Et Cordelia a encore accéléré le rythme.
En bas, il s’est enfoui d’un coup en moi. S’y est installé tout à son aise.
Elle s’est précipitamment relevée, la servante. A tenté de se rajuster. Sa patronne l’en a empêchée. « Pas la peine ! Parce que je vais t’en faire passer l’envie, moi, grande dégoûtante ! Tu vas voir la tannée que tu vas te ramasser ! »
– Ça, c’est sûr qu’elle l’avait pas volée… C’est honteux ! Est-ce qu’on fait des trucs pareils, nous ?
Et Cordelia a fermé les yeux. Ses lèvres se sont entrouvertes.
J’ai eu un petit soubresaut de plaisir. Un autre. Plus profond. Plus insistant. Je me suis cabrée.
– Elle l’a fait basculer en travers de ses genoux cette soubrette libidineuse et c’est tombé…
– Elle a eu raison.
– Non, mais comment ça tombait. À pleines fesses. À plein régime. Ah, pour gigoter, elle gigotait.
– Je vois, oui ! J’imagine. Et j’entends. Qu’est-ce qu’elle piaule ! Ah, elle en prend pour son grade. Non, mais écoute ça ! Écoute ça !
Elle s’est mordu la main pour ne pas crier et son plaisir l’a emportée. Le mien a aussitôt pris le relais. À la fois doux et impétueux.
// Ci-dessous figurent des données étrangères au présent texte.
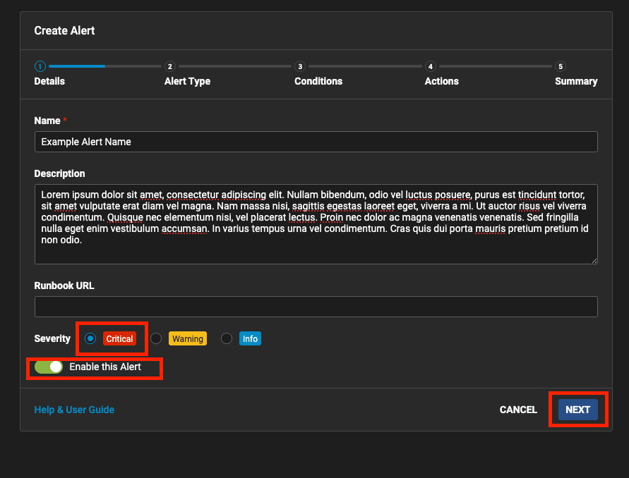 Remember to toggle ‘Enable this Alert’ and choose Severity option as ‘Critical’.
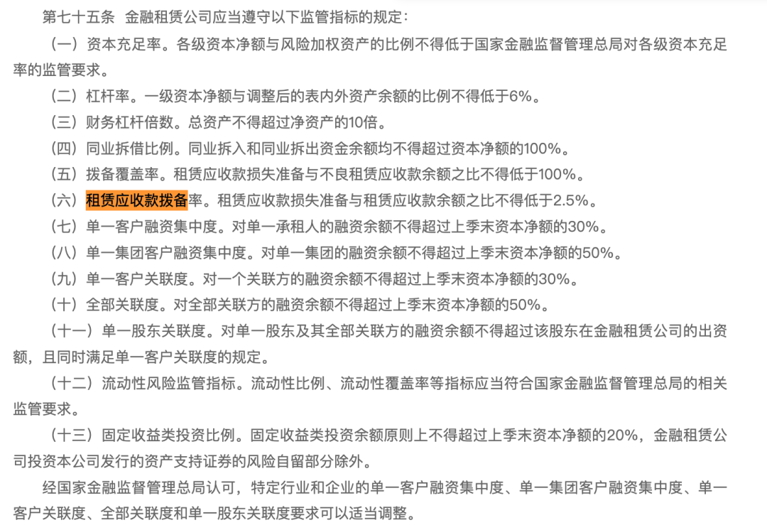 而新增租赁应收款拨备率、流动性比例、流动性覆盖率等指标,则是为了进一步完善监管指标体系。
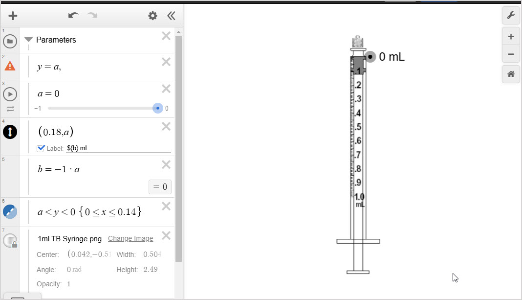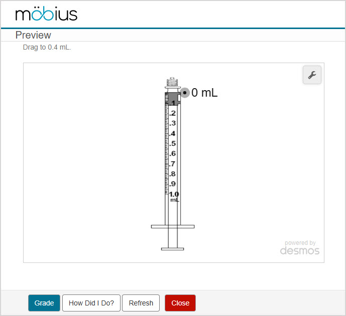 The Desmos app embedded in Möbius is "1 mL Syringe (With mL Label)" by Daniel Ozimek, used under CC BY-SA 4.0.

Léger et ravageur.

On s’est souri.
– Eh ben, dis donc !
– Oui, hein !
– Heureusement que la chef a pas eu l’idée de monter.
– Oui, parce que là, on était grillées.
– Ce que tu racontes bien, n’empêche ! On a l’impression que c’est vrai. Que ça existe.
– Parce que t’as envie d’y croire.
– On continuera, hein ! Il a sûrement encore beaucoup voyagé, mon cadeau, avant d’arriver jusqu’à toi.
– Ça, c’est sûr. Énormément.
– Mais alors tu sais ce que j’aimerais ? Qu’on en parle ailleurs qu’ici. Qu’on puisse se regarder le faire pour de bon. Et qu’on n’ait pas cette épée de Damoclès de Séverine suspendue en permanence au-dessus de la tête.
– Ça devrait pouvoir s’envisager.
On s’est encore souri. Et on s’est remises au travail.

Ça devrait d’autant plus pouvoir s’envisager que, maintenant, je sais, avec certitude, que la fessée ne la laisse pas indifférente. C’est le moins qu’on puisse dire. Et que ça m’ouvre bien des perspectives.